> **Your goal**: Everything in the listing below from the line containing "with quartz countertops." through the line containing "- ТСС ЭД-250-Т400-2РКМ26" must be repeated exactly; the remaining lines are not wanted.

> **The data**:
________________________________________

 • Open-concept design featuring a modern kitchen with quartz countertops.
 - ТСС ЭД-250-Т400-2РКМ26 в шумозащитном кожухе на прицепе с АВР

________________________________________

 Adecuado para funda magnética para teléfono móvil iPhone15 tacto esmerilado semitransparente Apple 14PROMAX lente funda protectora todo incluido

________________________________________

> **Solution below**:
 • Open-concept design featuring a modern kitchen with quartz countertops.
 - ТСС ЭД-250-Т400-2РКМ26 в шумозащитном кожухе на прицепе с АВР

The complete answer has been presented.